American entomologist

D. Elden Beck (April 11, 1906 - August 9, 1967) was a professor of zoology and entomology at Brigham Young University (BYU). Beck served as the chair beginning in 1962. Before his time at BYU, he served as the head of the Biology Department at Dixie Junior College. He served in the United States Army Medical Department from 1943 to 1945. Beck also helped develop mosquito control programs in Utah County and with the World Health Organization. His research led to the discovery of a new genus and five new species, along with multiple photographs in magazines and multiple collections in museums. In his personal life, he married Florence Robinson in 1933 and had four children. Beck died on August 9, 1967, at the age of 61.

==Early life==
D. Elden Beck was born in Spanish Fork, Utah, on April 11, 1906, to Mitchell Robertson Beck and Ruth Eleanor Davis. Beck was a member of the Church of Jesus Christ of Latter-day Saints (LDS Church). He was baptized in 1914. In 1914, his family moved to McGill, Nevada. Beck first attended school there, and enjoyed playing pranks, camping, and collecting insects, rocks, plants and animals. In 1921, he and his family moved to Lava Hot Springs, Idaho, where Beck graduated from high school in 1925.

==Education==
Beck attended Brigham Young University (BYU) in Provo, Utah, and studied zoology and entomology. While he was at BYU, Beck lived with his grandmother in Spanish Fork and commuted each day. He also enlisted in the Medical Corps of the National Guard, and served for three years. Beck was selected to participate in a biology field expedition in 1928 where he spent six weeks surveying land in Idaho and Utah. During his senior year at BYU, he was a laboratory instructor in general zoology. He graduated from BYU in 1929 with his bachelor's degree, and in 1930 with a master's degree. Beck then got his Ph.D. from Iowa State College in 1933. On May 31, 1933, he married Florence Robinson in the Salt Lake Temple. The couple had four children.

==Career==
Beck was made the head of the Biology Department at Dixie Junior College in St. George, Utah, after his graduation in 1933. He stayed at Dixie College until 1938 when he went to teach at BYU in the Zoology and Entomology Department, of which he became chair in 1962.

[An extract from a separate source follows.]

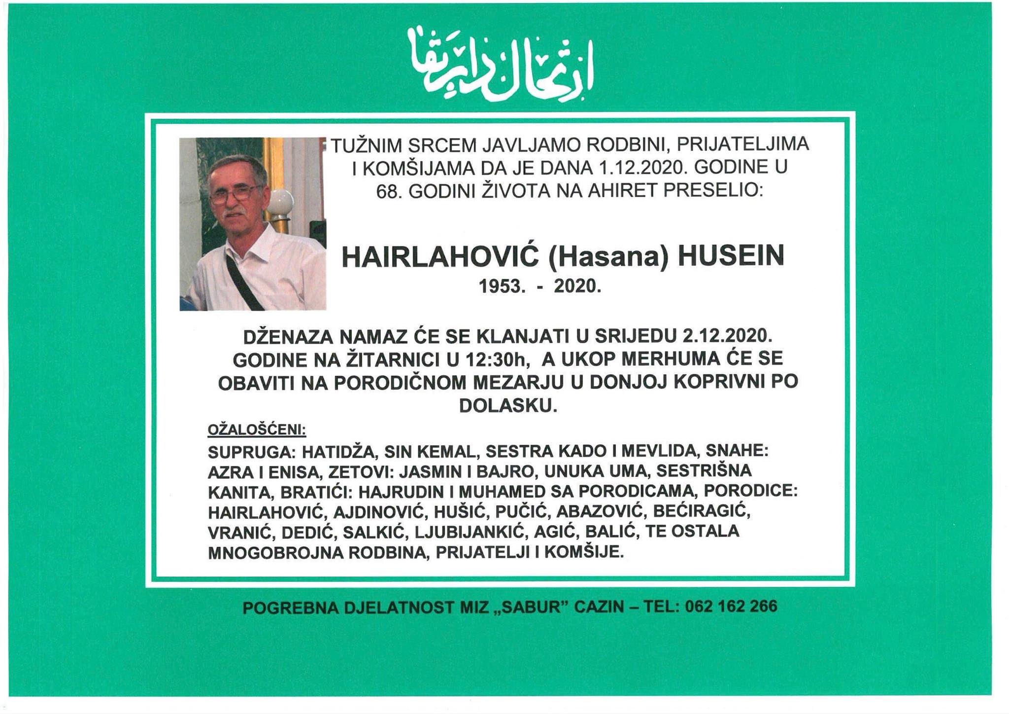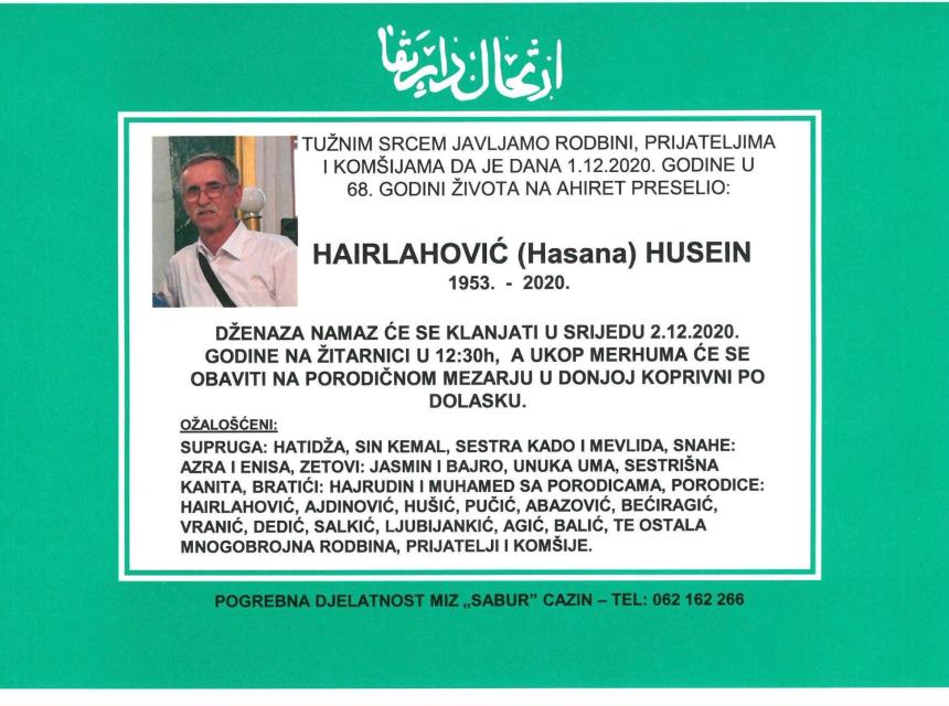 Tužnog srca i s bolom u duši obavještavamo rodbinu, komšije i prijatelje da je naš dragi Hairlahović (Hasana) Husein preselio na Ahiret dana 01. decembra 2020. godine u 68. godini života.

Beck served in the Medical Entomological Service of the United States Army Medical Department from 1943 to 1945. While stationed in Guadalcanal, Beck collected insects and reptiles which were sent back to BYU. This collection included over 16,000 insect specimens. He was promoted to captain in 1945. He was honorably discharged in October 1945.

After his service, Beck returned to BYU. He studied mosquito abatement and the effects of atom bombs on wildlife. With his research, he helped develop a mosquito control program for Utah County. Beck left BYU on sabbatical to do research at the American Museum of Natural History in New York City and at Lake Placid, Florida. Beck's research resulted in a new genus and five new species. His research included many photographs of plants and animals that were published in various magazines.

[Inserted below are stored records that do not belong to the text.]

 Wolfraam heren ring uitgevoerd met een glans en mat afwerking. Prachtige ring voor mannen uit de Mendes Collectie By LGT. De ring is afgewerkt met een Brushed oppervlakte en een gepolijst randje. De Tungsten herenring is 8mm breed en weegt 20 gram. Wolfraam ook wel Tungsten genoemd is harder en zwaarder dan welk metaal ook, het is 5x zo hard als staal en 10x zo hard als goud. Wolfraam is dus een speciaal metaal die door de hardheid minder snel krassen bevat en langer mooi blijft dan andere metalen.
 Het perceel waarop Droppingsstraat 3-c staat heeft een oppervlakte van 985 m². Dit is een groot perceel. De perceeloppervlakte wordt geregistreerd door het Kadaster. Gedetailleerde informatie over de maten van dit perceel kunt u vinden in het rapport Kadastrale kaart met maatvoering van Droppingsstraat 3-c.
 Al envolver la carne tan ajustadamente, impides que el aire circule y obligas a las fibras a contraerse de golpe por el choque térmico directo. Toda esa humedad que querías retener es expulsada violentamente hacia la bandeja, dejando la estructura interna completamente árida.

He served as an adviser of the World Health Organization on malaria and mosquito control from 1956 to 1958, working closely with the Chinese government. Beck also spent two years working with the Taiwan Provincial Malaria Research Institute. Beck had a collection of earthworms that he began in 1948. This collection was sent to the American Museum of Natural History.

==Other contributions==
Beck was an active member of the LDS Church. He served as the superintendent of the local Sunday School and held the office of high priest.

Beck served as the president of the Provo Junior Chamber of Commerce. He was also the editor of the Provo, Utah, "Centennial Souvenir 1849-1949".

Beck died on August 9, 1967, in Provo, Utah.